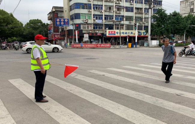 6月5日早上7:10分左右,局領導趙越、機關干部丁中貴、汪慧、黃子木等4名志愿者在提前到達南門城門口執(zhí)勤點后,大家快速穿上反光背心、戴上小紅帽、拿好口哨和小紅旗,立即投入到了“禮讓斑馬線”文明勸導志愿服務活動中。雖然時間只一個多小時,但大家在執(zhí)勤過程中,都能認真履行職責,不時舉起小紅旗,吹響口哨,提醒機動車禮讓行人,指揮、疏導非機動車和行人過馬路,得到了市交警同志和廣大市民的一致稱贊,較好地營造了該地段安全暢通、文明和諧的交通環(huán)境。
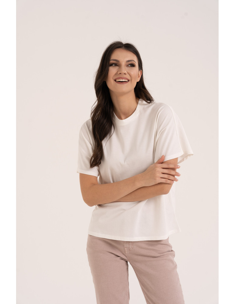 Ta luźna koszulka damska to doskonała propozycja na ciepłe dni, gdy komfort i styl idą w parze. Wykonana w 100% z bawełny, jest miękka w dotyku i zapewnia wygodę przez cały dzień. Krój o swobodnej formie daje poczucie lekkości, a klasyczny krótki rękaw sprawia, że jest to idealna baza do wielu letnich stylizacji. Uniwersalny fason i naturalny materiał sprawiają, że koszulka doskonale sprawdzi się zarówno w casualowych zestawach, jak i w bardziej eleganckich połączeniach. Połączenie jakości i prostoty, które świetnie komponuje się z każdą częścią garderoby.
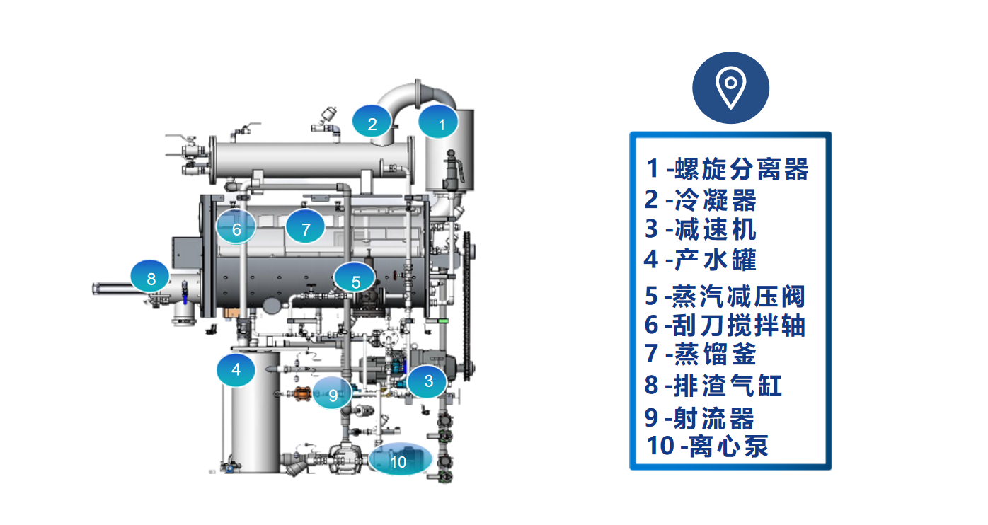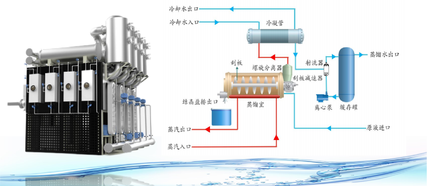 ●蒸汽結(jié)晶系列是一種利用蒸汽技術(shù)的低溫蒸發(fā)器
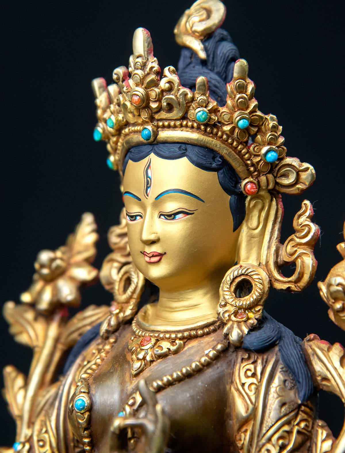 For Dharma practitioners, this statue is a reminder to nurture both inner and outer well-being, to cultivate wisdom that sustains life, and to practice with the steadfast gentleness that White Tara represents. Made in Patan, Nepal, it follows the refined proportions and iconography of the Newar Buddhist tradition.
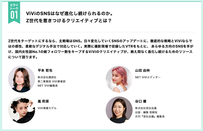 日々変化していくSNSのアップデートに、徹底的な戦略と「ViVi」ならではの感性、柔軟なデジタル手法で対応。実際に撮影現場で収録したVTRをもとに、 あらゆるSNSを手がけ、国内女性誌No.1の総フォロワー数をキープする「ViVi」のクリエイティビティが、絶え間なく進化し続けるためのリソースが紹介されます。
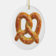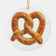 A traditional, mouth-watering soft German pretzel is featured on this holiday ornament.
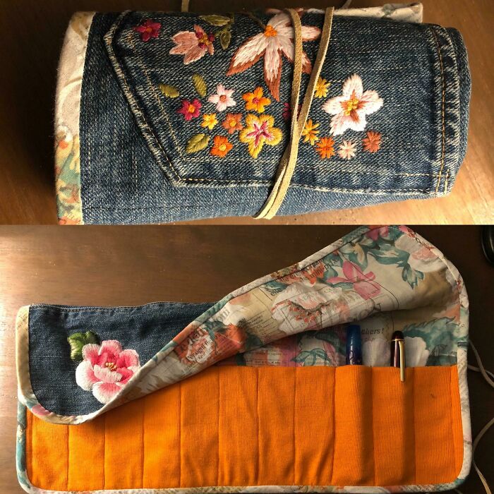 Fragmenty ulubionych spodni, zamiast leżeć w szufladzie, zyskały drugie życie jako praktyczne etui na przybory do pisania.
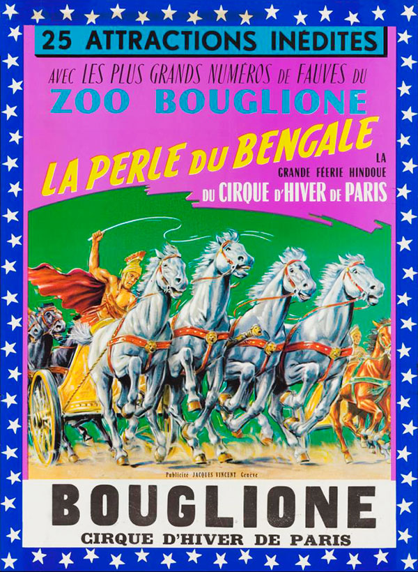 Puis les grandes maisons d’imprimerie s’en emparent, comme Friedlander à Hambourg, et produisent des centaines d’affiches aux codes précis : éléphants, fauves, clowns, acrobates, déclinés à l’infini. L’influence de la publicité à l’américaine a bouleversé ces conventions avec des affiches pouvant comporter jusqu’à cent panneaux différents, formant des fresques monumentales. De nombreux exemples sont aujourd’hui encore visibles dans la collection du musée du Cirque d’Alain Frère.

EXERCISE OBJECTIVE |
Line by line, restate the data above exactly as it stands, minus the pictures.

RESPONSE TO THE TASK |
 6月5日早上7:10分左右,局領導趙越、機關干部丁中貴、汪慧、黃子木等4名志愿者在提前到達南門城門口執(zhí)勤點后,大家快速穿上反光背心、戴上小紅帽、拿好口哨和小紅旗,立即投入到了“禮讓斑馬線”文明勸導志愿服務活動中。雖然時間只一個多小時,但大家在執(zhí)勤過程中,都能認真履行職責,不時舉起小紅旗,吹響口哨,提醒機動車禮讓行人,指揮、疏導非機動車和行人過馬路,得到了市交警同志和廣大市民的一致稱贊,較好地營造了該地段安全暢通、文明和諧的交通環(huán)境。
 Ta luźna koszulka damska to doskonała propozycja na ciepłe dni, gdy komfort i styl idą w parze. Wykonana w 100% z bawełny, jest miękka w dotyku i zapewnia wygodę przez cały dzień. Krój o swobodnej formie daje poczucie lekkości, a klasyczny krótki rękaw sprawia, że jest to idealna baza do wielu letnich stylizacji. Uniwersalny fason i naturalny materiał sprawiają, że koszulka doskonale sprawdzi się zarówno w casualowych zestawach, jak i w bardziej eleganckich połączeniach. Połączenie jakości i prostoty, które świetnie komponuje się z każdą częścią garderoby.
 ●蒸汽結(jié)晶系列是一種利用蒸汽技術(shù)的低溫蒸發(fā)器
 For Dharma practitioners, this statue is a reminder to nurture both inner and outer well-being, to cultivate wisdom that sustains life, and to practice with the steadfast gentleness that White Tara represents. Made in Patan, Nepal, it follows the refined proportions and iconography of the Newar Buddhist tradition.
 日々変化していくSNSのアップデートに、徹底的な戦略と「ViVi」ならではの感性、柔軟なデジタル手法で対応。実際に撮影現場で収録したVTRをもとに、 あらゆるSNSを手がけ、国内女性誌No.1の総フォロワー数をキープする「ViVi」のクリエイティビティが、絶え間なく進化し続けるためのリソースが紹介されます。
 A traditional, mouth-watering soft German pretzel is featured on this holiday ornament.
 Fragmenty ulubionych spodni, zamiast leżeć w szufladzie, zyskały drugie życie jako praktyczne etui na przybory do pisania.
 Puis les grandes maisons d’imprimerie s’en emparent, comme Friedlander à Hambourg, et produisent des centaines d’affiches aux codes précis : éléphants, fauves, clowns, acrobates, déclinés à l’infini. L’influence de la publicité à l’américaine a bouleversé ces conventions avec des affiches pouvant comporter jusqu’à cent panneaux différents, formant des fresques monumentales. De nombreux exemples sont aujourd’hui encore visibles dans la collection du musée du Cirque d’Alain Frère.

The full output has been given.